**Problem description**
Retype the listing below line for line, but only from the line with "deyoli niedlicher Skater" down to the line with "My normal size", inclusive. Pictures stay out.

**Material to process**
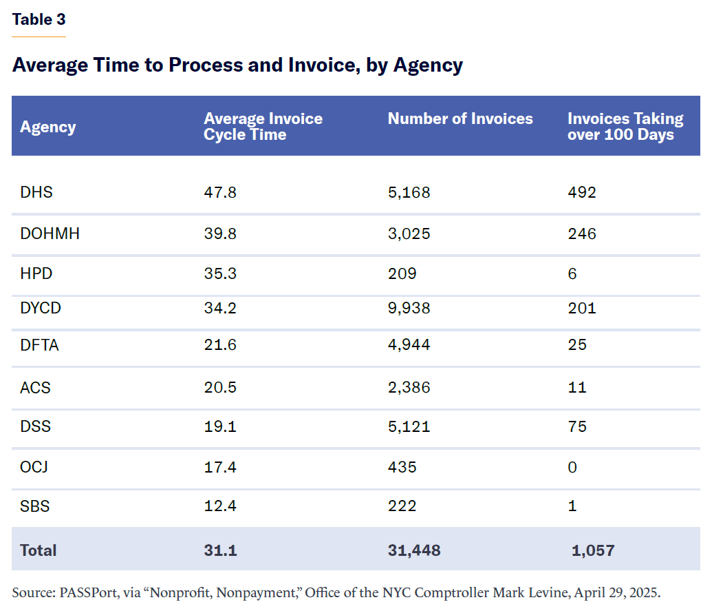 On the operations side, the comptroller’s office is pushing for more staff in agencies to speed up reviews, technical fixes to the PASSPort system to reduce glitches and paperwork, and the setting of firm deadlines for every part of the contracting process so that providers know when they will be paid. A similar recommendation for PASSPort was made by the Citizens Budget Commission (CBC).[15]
--
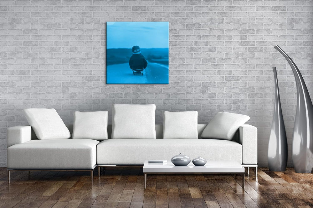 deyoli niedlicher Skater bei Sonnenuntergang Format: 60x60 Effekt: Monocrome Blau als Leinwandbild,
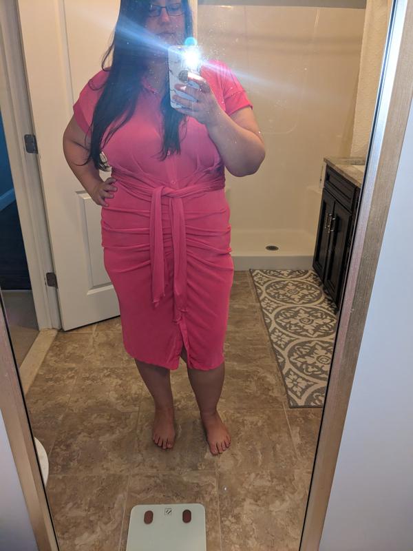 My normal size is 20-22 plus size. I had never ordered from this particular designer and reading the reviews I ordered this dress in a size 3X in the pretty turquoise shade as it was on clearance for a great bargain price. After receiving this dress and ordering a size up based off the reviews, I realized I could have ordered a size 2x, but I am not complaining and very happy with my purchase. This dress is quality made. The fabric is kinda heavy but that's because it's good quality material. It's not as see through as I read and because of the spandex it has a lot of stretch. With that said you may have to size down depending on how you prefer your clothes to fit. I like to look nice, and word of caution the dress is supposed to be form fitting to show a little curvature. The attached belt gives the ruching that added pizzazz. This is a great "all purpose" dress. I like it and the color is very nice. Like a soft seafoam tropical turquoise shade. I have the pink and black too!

**Expected output**
 deyoli niedlicher Skater bei Sonnenuntergang Format: 60x60 Effekt: Monocrome Blau als Leinwandbild,
 My normal size is 20-22 plus size. I had never ordered from this particular designer and reading the reviews I ordered this dress in a size 3X in the pretty turquoise shade as it was on clearance for a great bargain price. After receiving this dress and ordering a size up based off the reviews, I realized I could have ordered a size 2x, but I am not complaining and very happy with my purchase. This dress is quality made. The fabric is kinda heavy but that's because it's good quality material. It's not as see through as I read and because of the spandex it has a lot of stretch. With that said you may have to size down depending on how you prefer your clothes to fit. I like to look nice, and word of caution the dress is supposed to be form fitting to show a little curvature. The attached belt gives the ruching that added pizzazz. This is a great "all purpose" dress. I like it and the color is very nice. Like a soft seafoam tropical turquoise shade. I have the pink and black too!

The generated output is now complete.